Cherry Island at Fort Augustus

Leaving Fort Augustus travelling north on the A82 after about a mile (1.6km) you will reach Inchnacardoch Bay. It is in this bay that the only island on Loch Ness is situated. Cherry Island, or to give it its correct name “Eileen Mhuireach”, means island of Murdoch. Although all that can be seen today is a rocky tree clad island, it is in fact man made and is known as a crannog, which originally covered an area of 160ft by 180ft (48mts by 54 mts). Crannogs date back to prehistoric times and were built to protect people from wild animals, such as bears and wolfs, but it also gave protection from other clans when they came raiding. Large beams of oak were laid on silt constructed Crannogs and oak posts were driven vertically down the outside edge of the beams. Boulders and rocks were placed on top of the oak beams until the island was above water level. Then soil and turf were added; it was after this that the buildings were put into place. These would consist of pens for the livestock. Then a large defensive wooden fence would have totally encircled the crannog. Some crannogs had a shallow causeway to the land, where others had a boat to ferry them to and fro. In their time the crannogs would have been a formidable stronghold.

If you get time during your visit you can set sail aboard the Royal Scot whose Loch tour gives more information and an opportunity to see the hotel from the centre of the loch.

Local area information surrounding Fort Augustus and Loch Ness

Below is some more general information about the history of the local area.

Fort Augustus is in the Scottish Highlands, at the south west end of Loch Ness. The village has a population of around 646 (2001). Until the early 18th century the settlement was called Kiliwhimin, and the Gaelic name for the modern village is still Cill Chuimein. It was renamed 'Fort Augustus' after the unsuccessful Jacobite Rising of 1715. The accepted etymology is that the settlement was originally named after Saint Cummein of Iona who built a church there. Other suggestions are that it was originally called Ku Chuimein after one of two abbots of Iona of the Comyn clan, whose badge Lus mhic Chuimein refers to the cumin plant, or that it was called Cill a' Chuimein ("Comyn's Burialplace") after the last Comyn in Lochaber.
In the aftermath of the Jacobite uprising in 1715, General Wade built a fort (taking from 1729 until 1742) which was named after the Duke of Cumberland. The settlement grew, and eventually took the name of this fort. The fort was captured by the Jacobites in April 1745, just prior to the Battle of Culloden.

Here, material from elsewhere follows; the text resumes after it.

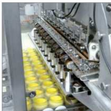
Saupoudreur / doseur multi-pistes sur ligne

La qualité de répartition, sans défauts ni aberrations, sur la surface à saupoudrer. Notre expérience du saupoudrage de produits très fins (sucre glace, amidon) ou de granulés (cubes ou copeaux de chocolats, raisins secs...) nous a conduit à développer des solutions spécifiques pour répondre aux multiples contraintes de chaque application.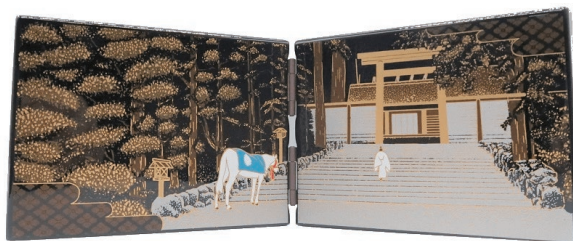
No.4200 蒔絵屏風(神馬) 3,500円(税込) 縦10.3×横28.5cm

日本独自の伝統工芸である蒔絵を施した屏風です。 熟練した職人が1つ1つ丹精を込めて謹製致しました。

The actual fort was sold to the Lovat family in 1867 and in 1876 they passed the site and land onto the Benedictine order. The monks set up Fort Augustus Abbey from the fort and later constructed a school there, but abandoned the site in 1998. For several years after that it was owned by Terry Nutkins.

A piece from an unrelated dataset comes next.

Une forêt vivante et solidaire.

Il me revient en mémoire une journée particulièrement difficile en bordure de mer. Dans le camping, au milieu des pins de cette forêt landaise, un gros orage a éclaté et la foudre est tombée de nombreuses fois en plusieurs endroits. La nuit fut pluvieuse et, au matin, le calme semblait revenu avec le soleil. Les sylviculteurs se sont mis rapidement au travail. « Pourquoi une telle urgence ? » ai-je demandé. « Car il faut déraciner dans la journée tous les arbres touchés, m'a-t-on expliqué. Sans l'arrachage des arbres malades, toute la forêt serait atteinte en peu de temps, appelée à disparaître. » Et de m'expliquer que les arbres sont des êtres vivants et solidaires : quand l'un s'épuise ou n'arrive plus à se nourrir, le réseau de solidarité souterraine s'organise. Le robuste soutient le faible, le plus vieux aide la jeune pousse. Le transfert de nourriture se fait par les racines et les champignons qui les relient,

He also owned the Lovat Hotel that stands on the site of the old Kilwhimen Barracks, one of four built in 1718. This houses the west curtain wall of the old Fort, intact with gun embrasures. The Lovat was originally built as the local Station Hotel.

In 1857 the fort was sold for £5,000 to Lord Lovat, whose son Simon, the thirteenth Lord Lovat, offered it and the land surrounding in 1876 to the Benedictine Fathers. In September of the same year, the foundation stone of a college, monastery and hospice was laid and the monastery was inaugurated in 1878. The abbey, with its monastic school and guesthouse buildings, stands in 15 acres of grounds and a further 8 to 10 acres are used for playing fields or growing vegetables. Twenty-five priests and 15 lay brothers were housed within the abbey, and, during term, 155 boys. A new school wing, built through the generosity of Sir James Calder, a former pupil of the school, came into use in 1960. From 1903 to 1933 a railway line carried passengers between Fort Augustus and the West Highland line at Spean Bridge and continued to carry goods until after the last war. The dismantled viaduct and other bridges, and the line of the route with its embankments and cuttings, are sad reminders of the time when one could travel by train to this beautiful village.